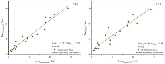 Consistency verification: (a) verification of consistency between Sentinel-3 and Sentinel-1 images; (b) verification of consistency between NPP and Sentinel-1 images.
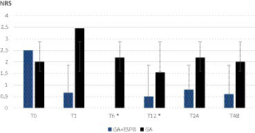 Finally, 12 h after surgery, the mean pain score at rest in the GA + ESPB vs. GA group was lower in both surgery approaches: TLIF approach was 1.54 ± 1.2 vs. 0.5 ± 066; p = 0.004 and in the TLIF+ALIF approach was 2 ± 1.2 vs. 0.25 ± 0.5; p = 0.015, respectively.
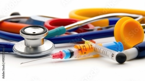 Assorted medical items: stethoscope, syringe, and thermometer isolated on a white background with generous copy space. No people, no logo.

Task details
Reproduce the material word for word, but without its images.

Response to the exercise
 Consistency verification: (a) verification of consistency between Sentinel-3 and Sentinel-1 images; (b) verification of consistency between NPP and Sentinel-1 images.
 Finally, 12 h after surgery, the mean pain score at rest in the GA + ESPB vs. GA group was lower in both surgery approaches: TLIF approach was 1.54 ± 1.2 vs. 0.5 ± 066; p = 0.004 and in the TLIF+ALIF approach was 2 ± 1.2 vs. 0.25 ± 0.5; p = 0.015, respectively.
 Assorted medical items: stethoscope, syringe, and thermometer isolated on a white background with generous copy space. No people, no logo.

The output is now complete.